Meera - So these are much bigger objects than have ever been analysed in the past at Diamond. So what kinds of objects are we talking about here - aircraft design and aircraft components?

Sarah - That's right, it's actually the external hutch of the JEEP Beamline, it can create molecular scale 3D images such as Aerospace and engineering components and the first users were actually from Rolls Royce. They were looking at a fan blade from one of their Trent 1000 engines. They were able to use JEEP to look inside the fan blade and measure all residual stresses without having to remove any of the metal and Rolls Royce routinely measure residual stress in their components and the JEEP Beamline is an alternative way for them to do this.

Meera - Now moving back down to small scale, the nano-scale in fact, you've had users on another Beamline as well?

Sarah - Yes, so we've now got 19 Beamlines in operation. Towards the end of last year we had first users on the Beamline for Advanced Dichroism Experiments, we call it BLADE for short. They were investigation multi-ferroics which are the class of materials which simultaneously exhibit magnetism and electricity.

Meera - So this obviously has to do with computing and computer chips as this is how data storage essentially works which is a crucial part of science and technology to be looking into at the moment.

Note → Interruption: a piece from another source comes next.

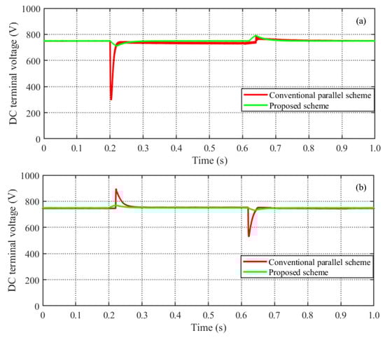 To demonstrate the advantages of the proposed hybrid supercapacitor-battery energy storage series-parallel compensation scheme over conventional technical solutions, a comparative analysis was conducted between the voltage compensation and power regulation performance of the proposed approach and conventional schemes, considering the distinct functionalities of series and parallel compensation modules. As shown in Figure 14, this study’s supercapacitor series compensation approach demonstrates superior performance compared to traditional battery energy storage systems configured in parallel. In the comparative case studies of voltage sag and swell shown in Figure 14a,b, due to the limited power compensation capability of conventional battery energy storage in parallel configuration, significant instantaneous voltage drops were observed in the DC bus voltage during both fault inception and recovery transients. For instance, as depicted in Figure 14a, during the voltage sag fault, the DC bus voltage rapidly dropped to a minimum of 314 V in the initial transient phase before gradually recovering to 750 V. In contrast, the proposed supercapacitor series compensation scheme, functioning as a voltage-type direct compensation method, enables faster and higher-power compensation, effectively confining the instantaneous DC bus voltage fluctuations within ±5%. This approach successfully addresses the transient voltage peak fluctuations caused by the sluggish response of traditional battery systems.

Sarah - Yes, they were trying to understand the principles involved, with a view of being able to develop multi-ferroic materials which could work at room temperature. If this could be cracked, they could hold huge potential for new solutions for data storage.

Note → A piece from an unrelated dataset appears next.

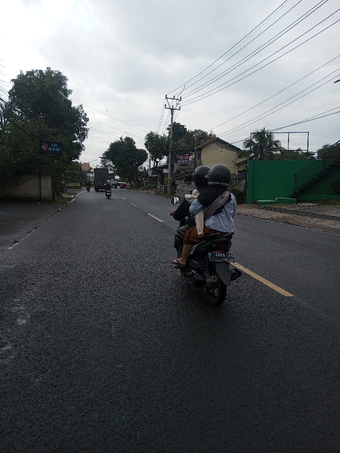 The scene depicts a street in the city of Kamji Na-Yekha, Bhutan, under an overcast sky. The dark asphalt road appears wet, possibly from recent rain, and features a faded yellow dashed center line. In the foreground, a dark-colored scooter with license plate F 4665 AD (06.24) travels on the right side of the road, partially over a broken yellow line fragment. Three individuals are on the scooter. The driver, wearing a black helmet and dark attire, operates the vehicle. Directly in front of the driver, a small child wearing a black helmet faces forward. A rear adult passenger, also wearing a black helmet, a light blue denim-style jacket, brown trousers, and sandals, is seated behind the driver and carries a dark cross-body bag. Further down the road, another scooter with a single rider (wearing a helmet) and a dark green truck are visible, both moving in the same direction as the foreground scooter. The left side of the road is lined with trees and a blue rectangular sign displaying white text, possibly "KOPI" and "MINUM," along with a graphic resembling a coffee cup or face. On the right side of the road, behind the scooter, residential or commercial buildings are visible. One notable structure is a vibrant green-painted building with black exterior stairs leading to an upper level. Multiple utility poles with overhead power lines span across the upper portion of the frame.

Meera - Ok, so they were the first users on Beamlines that were developed last year, but you've also recently had 'First Light'.

Sarah - So this is 'First Light' on I13, our X-Ray Imaging and Coherance Beamline, and it simply means that the Beamline Team were successful in getting synchrotron light from the main machine into the Optics Hutch of their Beamline. So now they're busy finishing the beamline off and they hope to welcome first users later this year.

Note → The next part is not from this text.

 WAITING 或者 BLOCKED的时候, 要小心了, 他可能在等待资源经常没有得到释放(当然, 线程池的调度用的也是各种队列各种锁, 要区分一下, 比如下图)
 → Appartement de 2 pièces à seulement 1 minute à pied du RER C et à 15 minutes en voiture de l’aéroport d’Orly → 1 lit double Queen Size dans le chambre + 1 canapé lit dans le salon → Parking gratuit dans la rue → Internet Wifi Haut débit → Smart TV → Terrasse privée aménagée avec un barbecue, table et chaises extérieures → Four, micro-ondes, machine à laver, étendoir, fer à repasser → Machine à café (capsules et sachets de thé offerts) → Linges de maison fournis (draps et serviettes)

Meera - And what, essentially, is this Beamline? What makes it stand out and what kind of work will be done on it?

Sarah - So this one will allow researchers in a wide range of fields to create high quality 3D images of samples. So things such as engineering components, biomaterials, fossils, organic materials, and energy devices such as fuel cells, and it's a bit different for Diamond because its experimental Hutch sits 250 metres away from the energy source, whereas most of the other ones are within the main building. We're also developing it a little differently because we've entered into a collaboration with the University of Manchester.

Meera - So plenty of development and plenty of new research taking place but as well as research, another important thing that happens at Diamond is Outreach.

Sarah - That's right, throughout the year we try to run lots of events for A-Level students and people interested in a career in Science and Engineering and in particular, towards the end of last year, we had a day called 'Engineering your Future'. It was a careers day for A-level students who might like to take up a career in Engineering and they did lots of fun things like wiring up a mini RAF Pad, Programming a Space Robot to carry out manoeuvres, they had to build a prototype sturdy base for a wind turbine out at sea, so they did all kinds of things. We run that event on a yearly basis and we've got more of that kind of stuff coming up with our Particle Physics Master Class in March, as well as an Inside Diamond event especially for A-level students.

Meera - How can people keep up to date or aware of when these events are happening?

Sarah - The best thing to do is to look at our website. There's plenty of information there about public events. We've actually got the next public Inside Diamond event which is coming up on Saturday 26th March, and registration can be made on our website which is www.diamond.ac.uk.